Population representation does not solve the omitted-variable bias problem. Indeed, since widely used population data collections like censuses or labor force surveys often cannot afford the time and expense of high-quality measurement of key Z variables that drive the selection process behind key independent variables of interest, they may produce a more biased estimate of β1 than would more extensive and higher-quality measurement taken from a convenience sample!

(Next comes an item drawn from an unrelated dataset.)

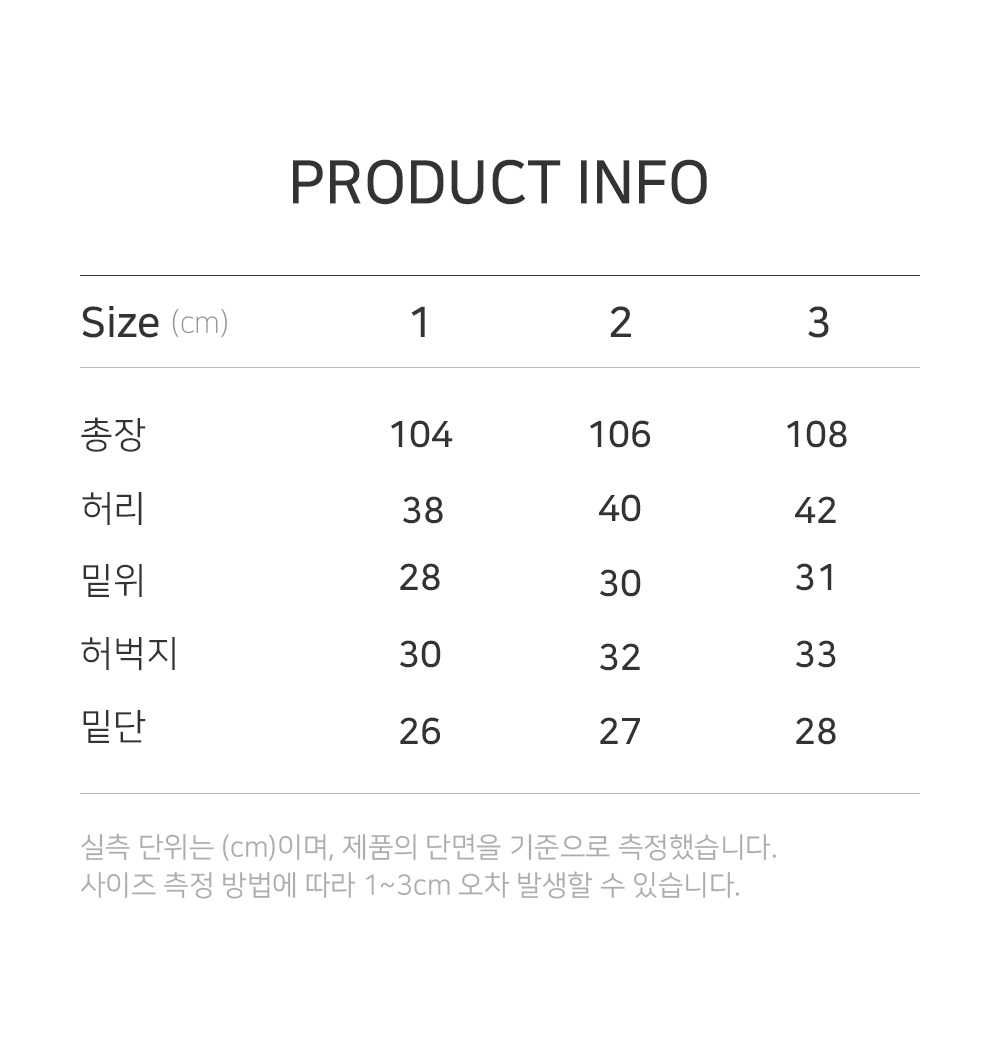 | 허리 | 허벅지 | 밑단 | 밑위 | 총장 |

How serious a problem is omitted-variable bias? It varies, but regrettably in ways that are difficult to predict. Consider the nonexperimental literature on the effects of Head Start. Currie and Thomas (1995) used the NLSY to contrast picture vocabulary (PPVT) test scores for children who attended Head Start with those of children who did not. Garces, Thomas, and Currie (2002) used PSID data for corresponding contrasts for high school completion (see Table 1). Uncontrolled ordinary least squares (OLS) regressions produced some perverse negative estimates of Head Start impacts in both studies. Extensive regression controls19 produced a uniformly null set of impact estimates. But when both studies focused on variation within families by relating sibling differences in outcomes to sibling differences in Head Start attendance, the Head Start impact estimates for white children became positive and statistically significant; they were smaller and remained statistically insignificant for black children.
Table 1.
Outcome | OLS Regression, No Controls | OLS Regression, Extensive Controls | Sibling Difference |
---|---|---|---|
PPVT Test Score | |||
White | −5.6* (1.6) | −0.4 (1.4) | 5.9* (1.5) |
Black | 1.0 (1.2) | 0.7 (1.1) | 0.3 (1.4) |
Completed High School | |||
All | −0.08* (0.03) | 0.01 (0.03) | 0.04 (0.05) |
White | 0.20* (0.10) | ||
Black | −0.02 (0.07) |
Source: Currie and Thomas (1995: Table 4) for PPVT results; Garces et al. (2002: Table 2) for high school completion results.
p < .05
Recent sophisticated studies of the effects of family size on child outcomes (reviewed later in this article) have shown few of the detrimental effects found in conventional demographic regression approaches. Experimental studies of dropout (Agodini and Dynarski 2004) and class size programs (Wilde and Hollister 2002) have shown that a “population regression” approach sometimes comes close to experimental estimates, but it often produces quite different results. In general, then, biases using conventional regression techniques can be quite serious, but there is no “in general” way of predicting when this will be the case.
Securing Less Biased Causal Estimates
What to do about the omitted-variable problem? One potential solution is through measurement—that is, measure as many of the important Z selection factors as possible and include them in the regression analysis. This requires careful conceptualization of the processes that determine the key independent variables of interest (in our examples, decisions regarding Head Start enrollment, maternal schooling, neighborhood conditions, and completed family size) and including measures that characterize that process in the population regression.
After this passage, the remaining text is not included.